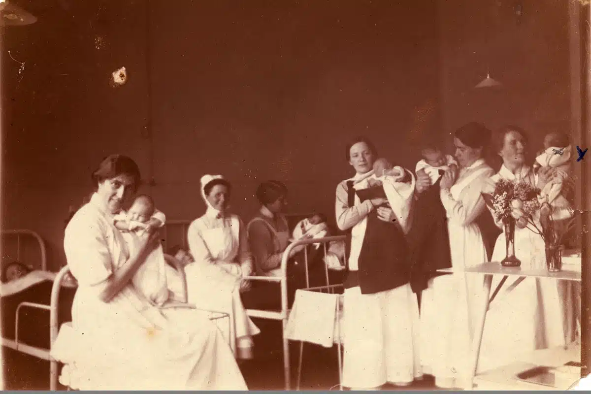 Bild hemsida: Fotografi från BB på Sprängkullsgatan i Göteborg, år 1916. Nyfödda Elna Börjesson (gift Kristoffersson) syns längst till höger. Modern Hilda Börjesson är skymd. Mölndals stadsmuseum, Erkännande-DelaLika (CC BY-SA)
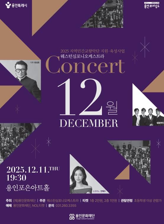 2023년부터 용인문화재단의 ‘지역 민간 교향악단 지원·육성사업’ 수행단체로 활동하고 있는 웨스턴심포니오케스트라는 이번 공연을 통해 클래식, 재즈, 팝, 영화 음악 등 가족들과 함께 즐길 수 있는 다채로운 장르의 무대를 펼칠 예정이다.
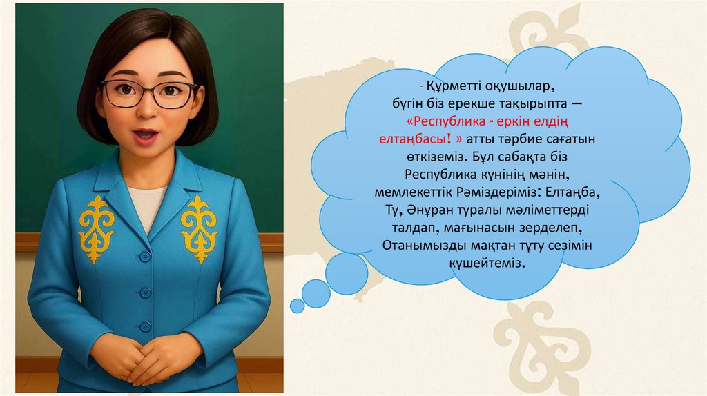 - Құрметті оқушылар,бүгін біз ерекше тақырыпта –
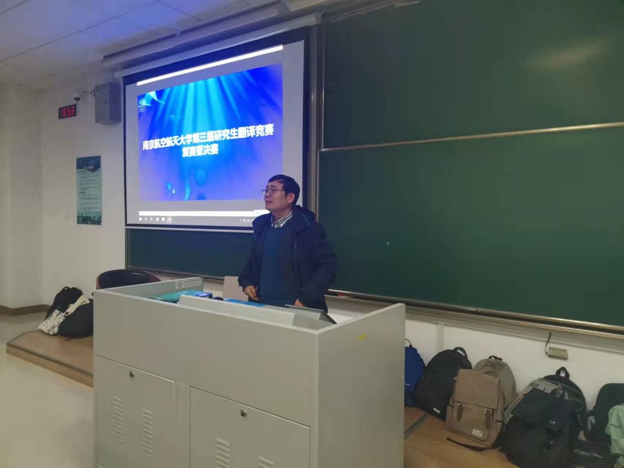比赛由南航365英国上市公司在线姜礼福副院长主持,范祥涛院长致辞。首先祝贺同学们顺利通过初赛,对同学们学习英语和翻译的热情表示鼓励,并强调南航学子要走向世界舞台的中心需要插上外语的翅膀。
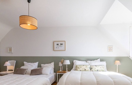 Ker Sin is a renovated detached house, located 100 m from the ocean and the wild coast, 500 m from the beach and 1 km from the shops. Large enclosed garden of 600 m² without vis-à-vis with 2 terraces facing south and north. Parking possible in the property. Ground floor: lounge/living room, separate kitchen, 1 bedroom (160x200 bed), shower room and separate WC. Upstairs: 2 bedrooms (1: 140x200 bed + 2 twin 90x190 beds, 2 with adjoining shower room: 140x200 bed). Additional equipment: wifi, DVD player, connected speaker, dryer, baby bed and high chair. Included: electricity and electric heating. Not included: sheets, towels, mandatory end of stay cleaning (90€) and tourist tax. Animals accepted with a supplement of €10/night: in the kitchen, the garage and the garden only. Free animals beyond a week. Unless stated, services such as cleaning, bed linen, towels etc. are not included in the price of this rental. If pets are allowed (information in the advertisement), charges may be applicable. Only equipment mentioned in this advertisement are present. Equipment not mentioned are not considered to be present.
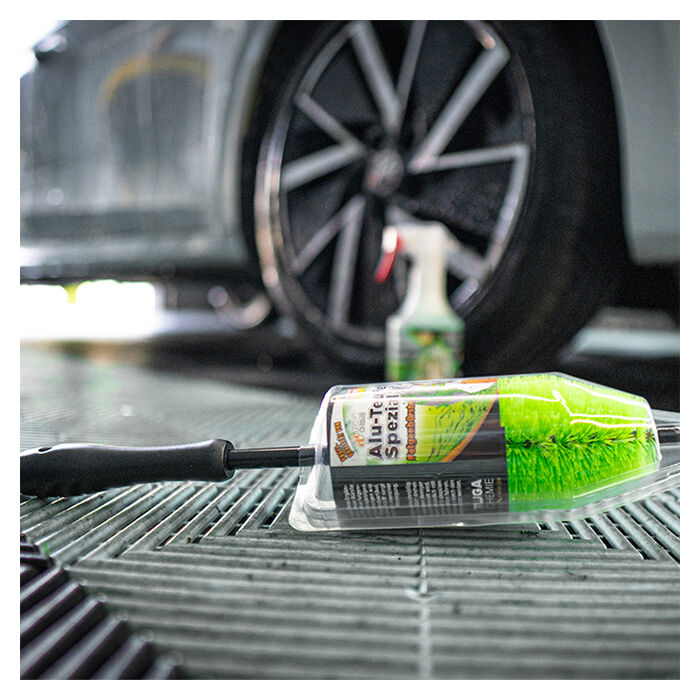 Opnå en skinnende ren finish med Tuga Alu-Teufel Spezial fælgborste – den perfekte makker til Alu-Teufel Spezial fælg rens. Børsten er designet til at fjerne selv det mest genstridige snavs som bremsestøv, olie- og gummirester samt flyverust. De slidstærke og fleksible børstehår sikrer grundig rengøring uden at ridse, mens det ergonomiske greb giver optimal komfort og kontrol – selv under intensiv brug. Børsten måler 30 cm.
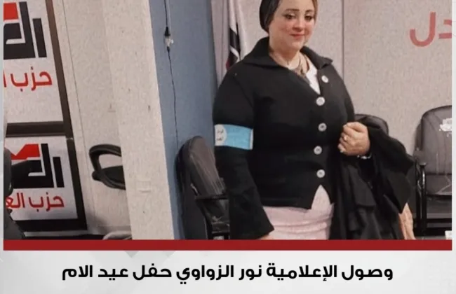 الإعلامية نور الزواوي تصل إلى احتفالية عيد الأم بحزب العدل وموقع صوت مصر
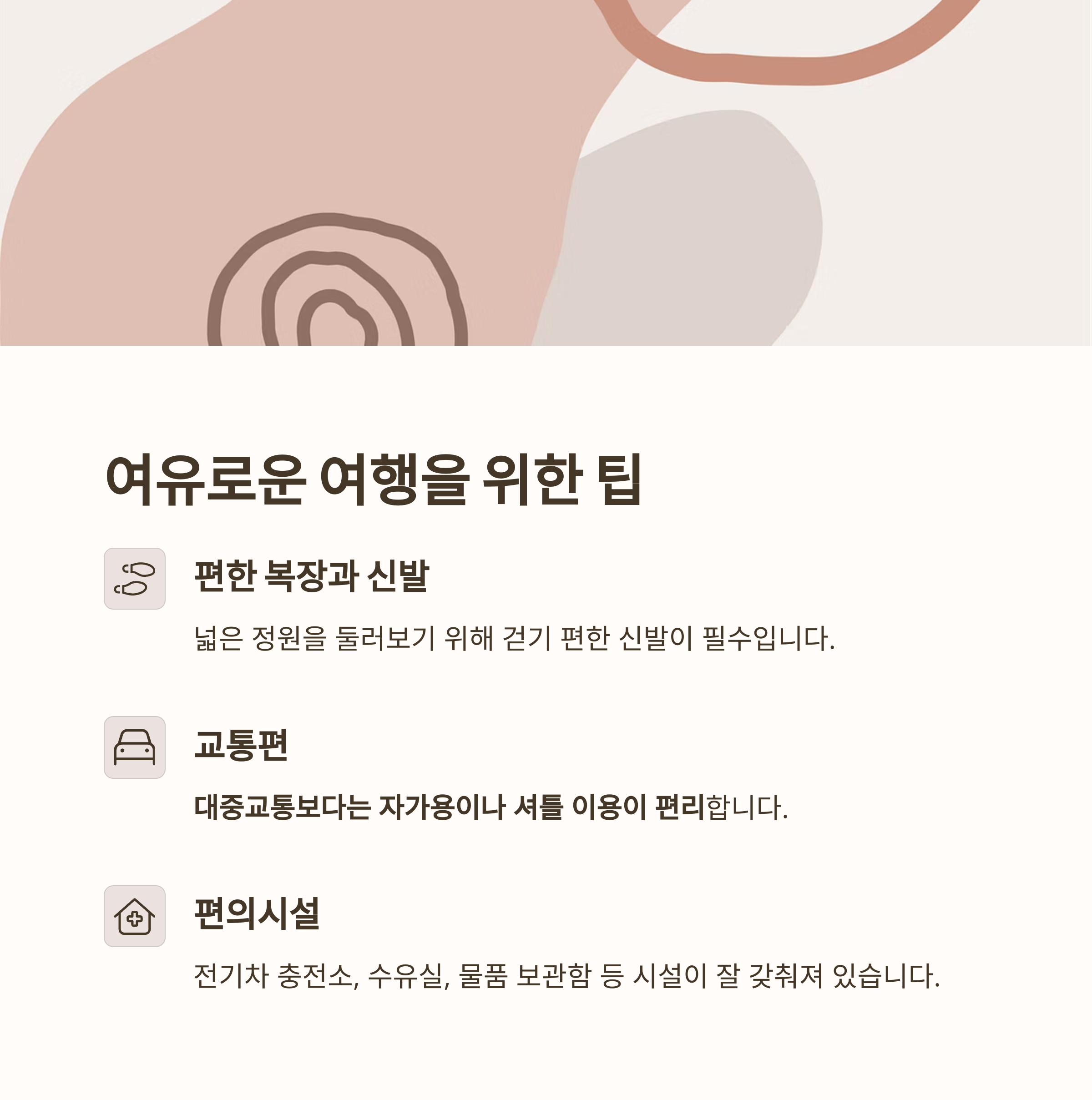 국가정원 관람 시에는 편한 복장과 걷기 좋은 신발이 필수입니다
#####
**AIM OF THE EXERCISE:** Here the job is to copy the stretch of records from the line containing "2023년부터 용인문화재단의 ‘지역" through the line containing "比赛由南航365英国上市公司", word for word. Leave every picture out.

**EXPECTED ANSWER:**
 2023년부터 용인문화재단의 ‘지역 민간 교향악단 지원·육성사업’ 수행단체로 활동하고 있는 웨스턴심포니오케스트라는 이번 공연을 통해 클래식, 재즈, 팝, 영화 음악 등 가족들과 함께 즐길 수 있는 다채로운 장르의 무대를 펼칠 예정이다.
 - Құрметті оқушылар,бүгін біз ерекше тақырыпта –
比赛由南航365英国上市公司在线姜礼福副院长主持,范祥涛院长致辞。首先祝贺同学们顺利通过初赛,对同学们学习英语和翻译的热情表示鼓励,并强调南航学子要走向世界舞台的中心需要插上外语的翅膀。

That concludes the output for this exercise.